Once the line holding "После авторизации, первое, что" is found in the entries below, transcribe exactly every line up to and including the one holding "Portsmouth FC Max", but leave out the pictures.

> [Material for the task]
((
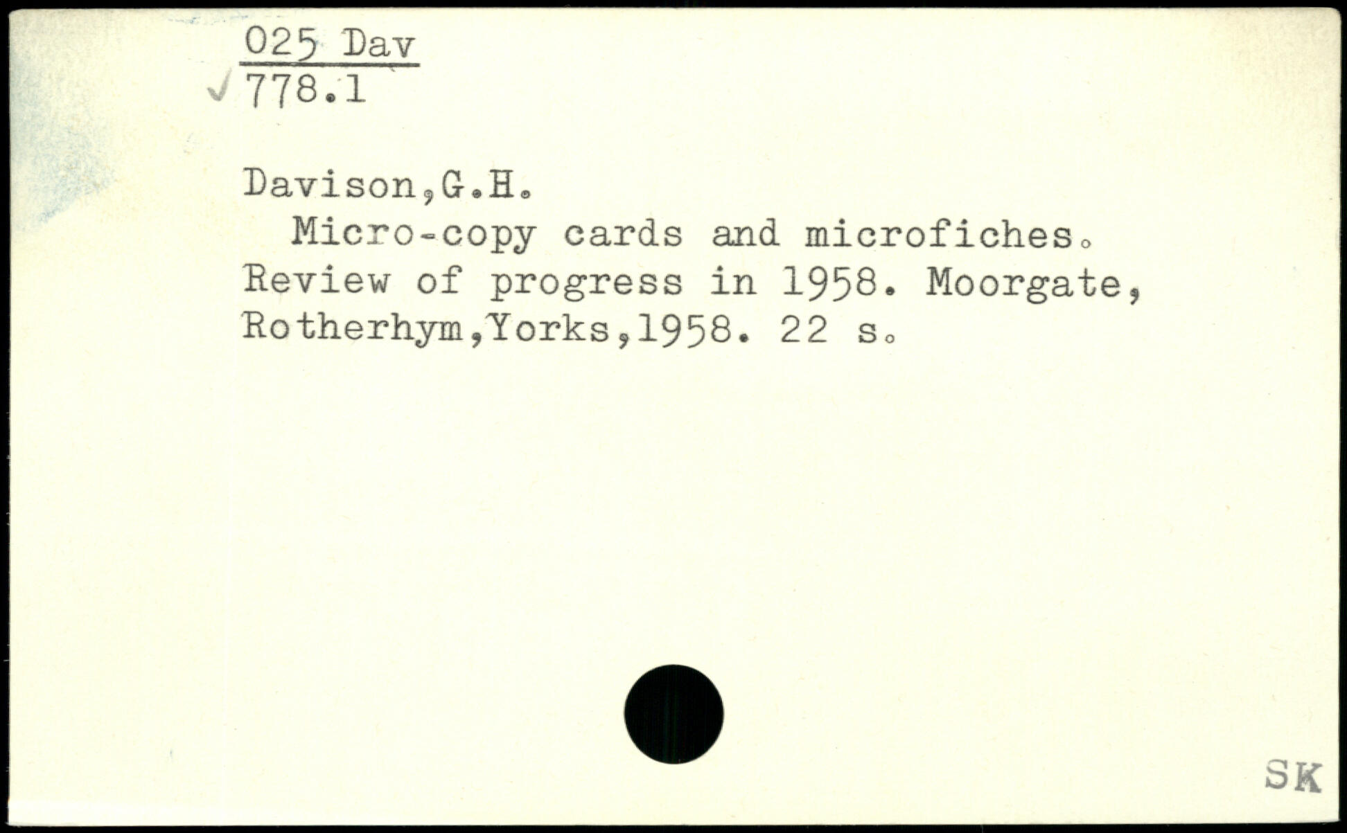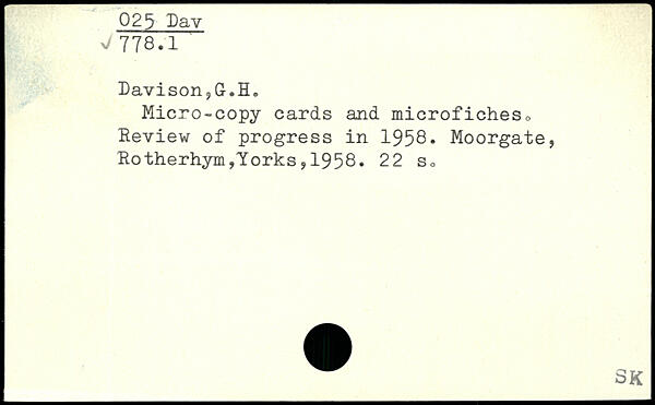 Davison.jG.IL Micro-copy cards and microfiches, Review of progress in 1958.
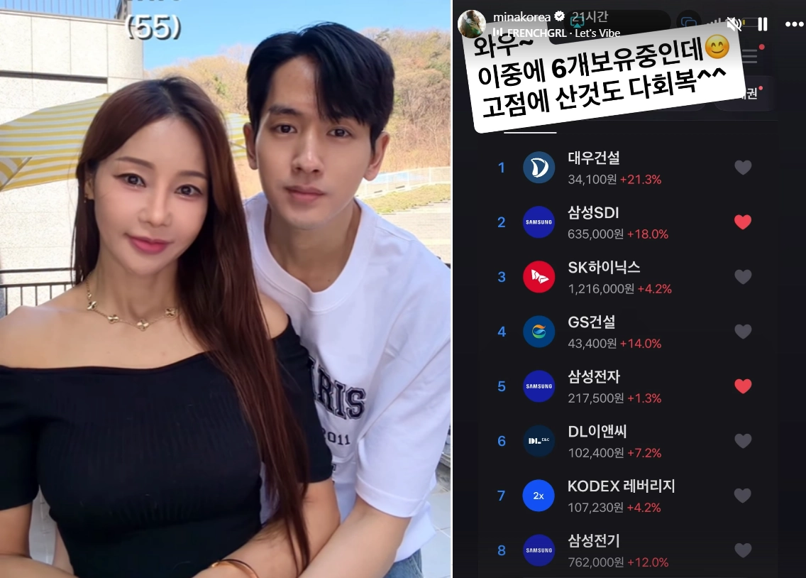 미나·류필립 부부(왼쪽)와 21일 미나가 올린 보유 주식 등 이미지. 미나 인스타그램 캡처
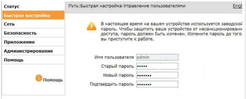 После авторизации, первое, что будет предложено — это смена пароля. Вводим старый и дважды повторяем новый пароль на вход:
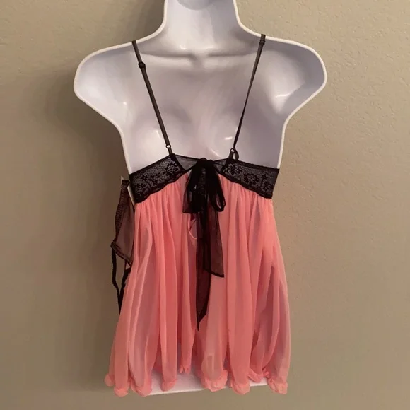 Chiffon Lace mesh baby doll with thong. Adjustable straps.
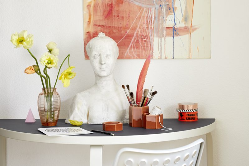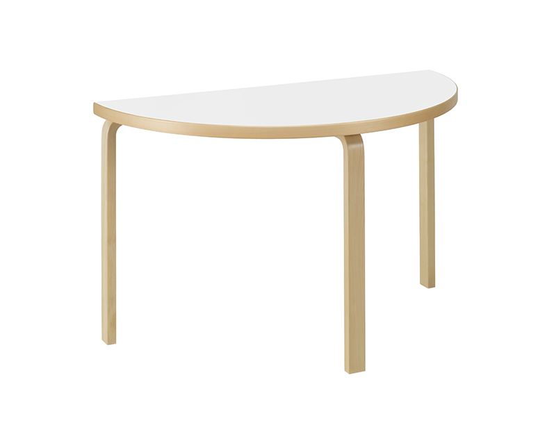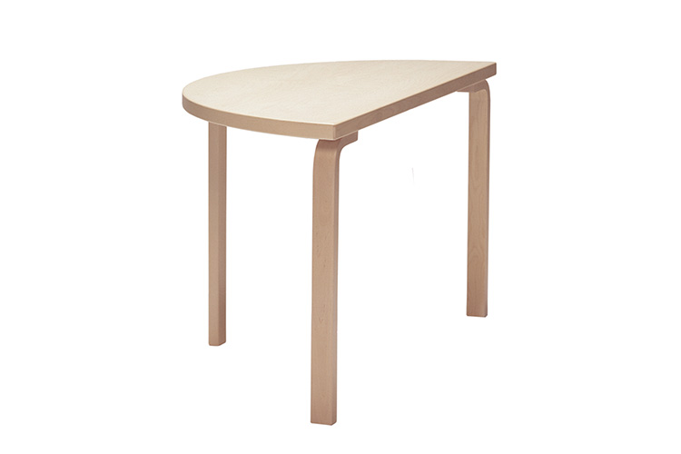1933年にアルヴァ・アアルトがデザインした L - Leg の半円形テーブルは、窓際の壁に接したデスクやコンソールとしてご使用いただけます。2つを繋げて円形テーブルにもできます。
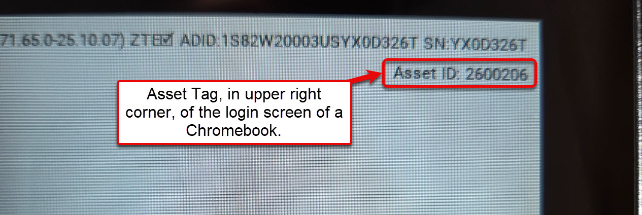 • With the Chromebook open and the device powered on you can find it at the login screen in the upper right corner. It will say "Asset Tag:" followed by the number.
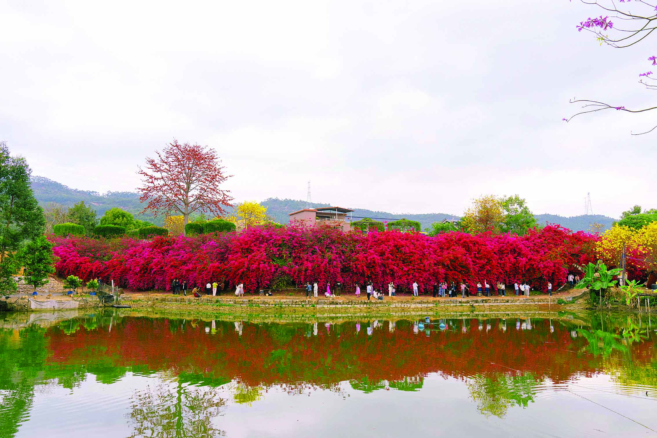 市民在仲愷潼湖鎮(zhèn)黃屋村“美麗庭院”示范戶“三角梅瀑布”下打卡。
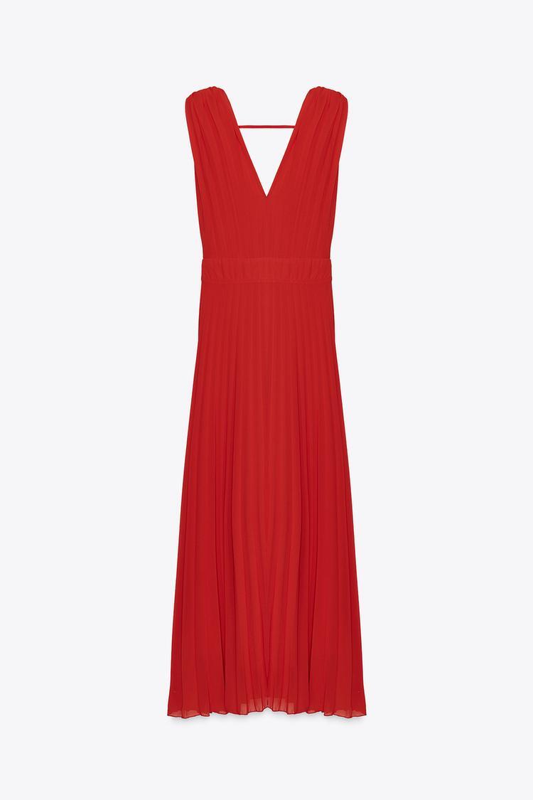 ZARA ПЛИССИРОВАННОЕ ПЛАТЬЕ МИДИ, КРАСНЫЙ
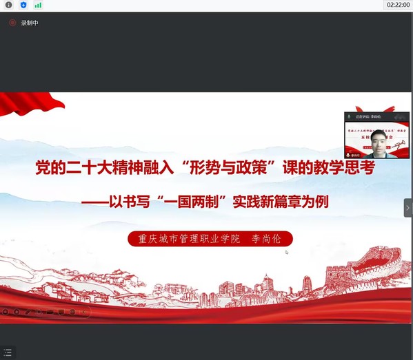 为深入学习贯彻党的二十大精神,推动二十大精神全面、及时、准确融入形势与政策课,更好发挥思政课立德树人关键课程作用,11月7日,我校应邀参加了由西南大学马克思主义学院主办的党的二十大精神融入“形势与政策”课教学五校联合备课会,会议采用线上参会方式。
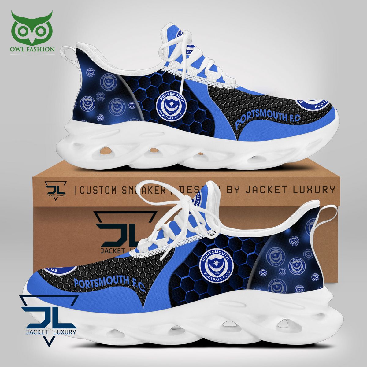 Portsmouth FC Max Soul Shoes Sneakers Printed White And Black Sole For Men And Women
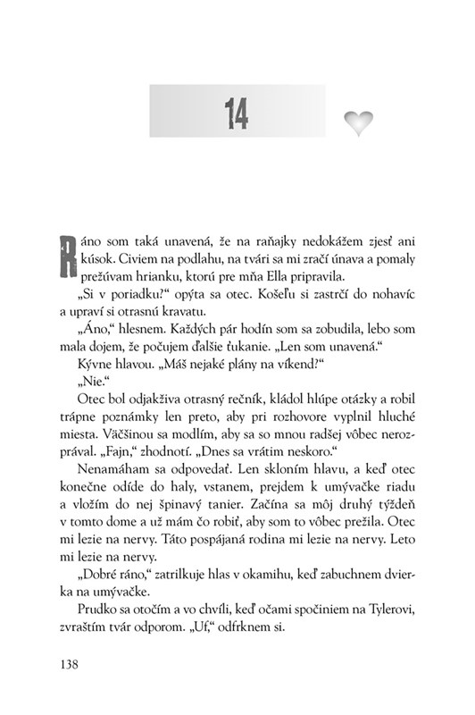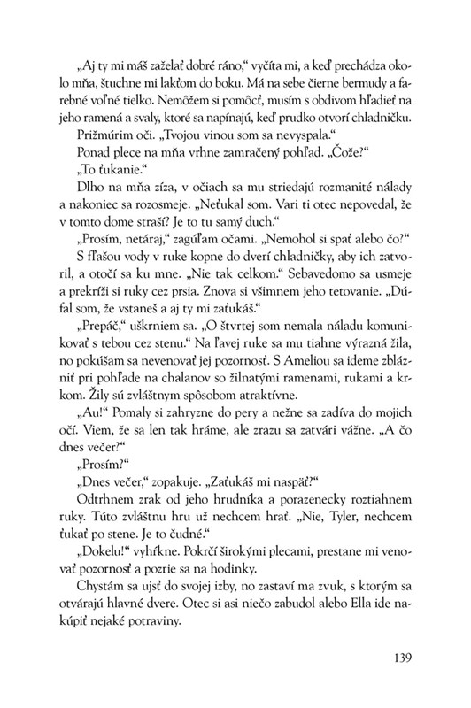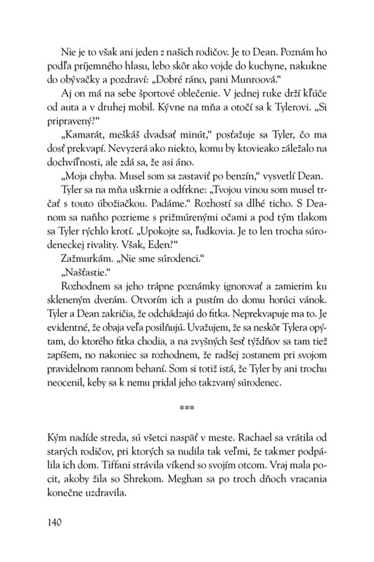 Obálka knihy pôsobí ako obal DVD, čo však nevadí ani to nie je celkom mimo. Text je totiž dynamický a odvíja sa rýchlo ako prestrihy na filmovom plátne. Postavy si vás okamžite získajú, a to aj napriek tomu, že nemusia hneď na prvý pohľad vyzerať sympaticky. To sa týka hlavne Tylera. Spočiatku sa zdá, že pôjde o typické klišé o rozmaznanom, večierkami a dievčatami zhýčkanom mladíkovi, no postupne odhaľuje svoje skryté stránky, vďaka čomu sa z neho stane hrdina, ako sa patrí. Jeho vzťah s Eden je prakticky už vopred poznamenaný nechuťou, keďže ich rodičia (Edenin otec a Tylerova matka) sa vzali a odrazu z nich má byť veľká (milujúca?) rodina. Eden však spoznáva nových súrodencov až po troch rokoch, počas ktorých si vytvorila o nových bratov rôzne obrazy. Tylerovo sebavedomie ju neskutočne irituje, ale nemá šancu vyhnúť sa mu. Aj preto s ním trávi čoraz viac času a hoci si je vedomá nebezpečenstva jeho príťažlivosti, nemá dosť síl odolať zakázanej vášni...
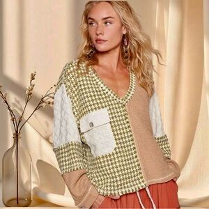 POL Houndstooth Sweater Two-Tone Knit Pullover with Pocket
))
> [Output of the exercise]
 После авторизации, первое, что будет предложено — это смена пароля. Вводим старый и дважды повторяем новый пароль на вход:
 Chiffon Lace mesh baby doll with thong. Adjustable straps.
1933年にアルヴァ・アアルトがデザインした L - Leg の半円形テーブルは、窓際の壁に接したデスクやコンソールとしてご使用いただけます。2つを繋げて円形テーブルにもできます。
 • With the Chromebook open and the device powered on you can find it at the login screen in the upper right corner. It will say "Asset Tag:" followed by the number.
 市民在仲愷潼湖鎮(zhèn)黃屋村“美麗庭院”示范戶“三角梅瀑布”下打卡。
 ZARA ПЛИССИРОВАННОЕ ПЛАТЬЕ МИДИ, КРАСНЫЙ
 为深入学习贯彻党的二十大精神,推动二十大精神全面、及时、准确融入形势与政策课,更好发挥思政课立德树人关键课程作用,11月7日,我校应邀参加了由西南大学马克思主义学院主办的党的二十大精神融入“形势与政策”课教学五校联合备课会,会议采用线上参会方式。
 Portsmouth FC Max Soul Shoes Sneakers Printed White And Black Sole For Men And Women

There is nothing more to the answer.